The AY.4.2 variant is a subvariant of the delta variant, which currently makes up about 10% of current COVID-19 cases in the United Kingdom, as I explained for the Deseret News.

  • Per CNBC, the AY.4.2 variant started popping up in the summer in the United Kingdom. The variant has two specific mutations that allow it to infiltrate people’s cells.

Experts last week said the variant is likely 10% more transmissible than the original delta variant. But it is not a major cause for concern.

Should you be worried?

Dr. Amesh Adalja, senior scholar at Johns Hopkins Center for Health Security, told Insider that there isn’t a reason to panic over the coronavirus variant since it’s something that happens normally.

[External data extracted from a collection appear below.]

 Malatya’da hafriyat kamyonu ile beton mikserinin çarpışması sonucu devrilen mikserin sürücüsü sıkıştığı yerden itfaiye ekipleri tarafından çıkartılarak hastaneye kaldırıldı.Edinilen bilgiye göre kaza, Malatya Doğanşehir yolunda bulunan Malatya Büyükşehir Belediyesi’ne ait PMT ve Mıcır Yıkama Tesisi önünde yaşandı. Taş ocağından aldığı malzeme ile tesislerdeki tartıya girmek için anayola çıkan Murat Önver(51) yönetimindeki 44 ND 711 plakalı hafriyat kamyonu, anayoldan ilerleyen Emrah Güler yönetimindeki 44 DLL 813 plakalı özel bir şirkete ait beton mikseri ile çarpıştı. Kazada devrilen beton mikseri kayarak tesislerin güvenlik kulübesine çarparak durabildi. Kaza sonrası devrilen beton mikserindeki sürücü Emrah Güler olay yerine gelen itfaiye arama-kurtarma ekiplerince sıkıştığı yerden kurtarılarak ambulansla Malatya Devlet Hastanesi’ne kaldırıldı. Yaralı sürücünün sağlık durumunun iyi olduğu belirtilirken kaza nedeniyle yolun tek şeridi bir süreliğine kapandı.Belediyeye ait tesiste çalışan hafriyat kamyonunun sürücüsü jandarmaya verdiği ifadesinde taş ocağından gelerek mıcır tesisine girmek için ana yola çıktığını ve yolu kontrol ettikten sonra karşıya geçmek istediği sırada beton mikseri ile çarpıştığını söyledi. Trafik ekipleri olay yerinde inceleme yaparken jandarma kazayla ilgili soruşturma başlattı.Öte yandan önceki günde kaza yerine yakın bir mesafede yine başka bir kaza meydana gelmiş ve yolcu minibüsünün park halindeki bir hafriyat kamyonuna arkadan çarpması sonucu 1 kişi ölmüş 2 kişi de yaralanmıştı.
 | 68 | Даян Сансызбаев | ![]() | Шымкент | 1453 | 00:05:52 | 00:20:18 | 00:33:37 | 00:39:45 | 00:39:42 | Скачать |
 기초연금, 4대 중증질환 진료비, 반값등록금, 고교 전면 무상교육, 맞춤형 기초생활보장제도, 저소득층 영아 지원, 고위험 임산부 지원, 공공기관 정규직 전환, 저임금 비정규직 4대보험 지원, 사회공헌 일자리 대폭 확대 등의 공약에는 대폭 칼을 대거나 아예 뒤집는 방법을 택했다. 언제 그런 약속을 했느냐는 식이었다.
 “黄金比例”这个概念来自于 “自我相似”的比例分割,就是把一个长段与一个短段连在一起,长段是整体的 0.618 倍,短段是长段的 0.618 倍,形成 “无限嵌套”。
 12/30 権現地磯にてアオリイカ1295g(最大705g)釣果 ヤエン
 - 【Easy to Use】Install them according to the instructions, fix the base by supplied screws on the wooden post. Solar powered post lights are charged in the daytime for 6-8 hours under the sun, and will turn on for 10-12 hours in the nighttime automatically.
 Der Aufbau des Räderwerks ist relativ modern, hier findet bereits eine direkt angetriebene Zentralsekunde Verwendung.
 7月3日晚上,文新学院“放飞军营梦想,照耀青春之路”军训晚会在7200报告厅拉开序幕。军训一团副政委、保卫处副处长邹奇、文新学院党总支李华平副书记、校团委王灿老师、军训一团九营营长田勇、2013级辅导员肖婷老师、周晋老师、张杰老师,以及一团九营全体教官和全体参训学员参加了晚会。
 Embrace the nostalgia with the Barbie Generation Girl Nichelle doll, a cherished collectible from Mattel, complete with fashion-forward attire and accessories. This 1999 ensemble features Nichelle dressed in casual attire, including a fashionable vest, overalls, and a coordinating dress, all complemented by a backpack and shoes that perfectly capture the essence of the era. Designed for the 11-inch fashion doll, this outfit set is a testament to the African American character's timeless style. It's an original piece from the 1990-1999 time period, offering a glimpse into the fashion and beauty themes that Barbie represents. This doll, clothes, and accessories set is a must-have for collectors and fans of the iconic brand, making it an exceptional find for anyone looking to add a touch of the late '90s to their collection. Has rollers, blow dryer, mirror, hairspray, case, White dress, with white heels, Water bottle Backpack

  • “New variants are generated all the time,” he said. “That’s the normal thing that this virus is going to do. It’s going to continue to mutate. While variants may garner headlines and people may write doomsday scenarios about them, most are not going to really change the trajectory of the pandemic.”

The delta variant became so dominant throughout the world. So it’s not surprising that there would be variants of the delta variant, Adalja told Insider.

Similarly, Christina Pagel, director of the Clinical Operational Research Unit at University College London, told CNBC the the new variant subtype shouldn’t worry you.

  • “Delta compared to alpha was around 60% more transmissible, it was doubling every week. This is going up by a percent or two a week — it’s much, much slower. So in that sense, it’s not a big disaster like delta was. It will probably gradually replace delta over the next few months. But there’s no sign it’s more vaccine resistant, (so) at the moment I wouldn’t be panicking about it.”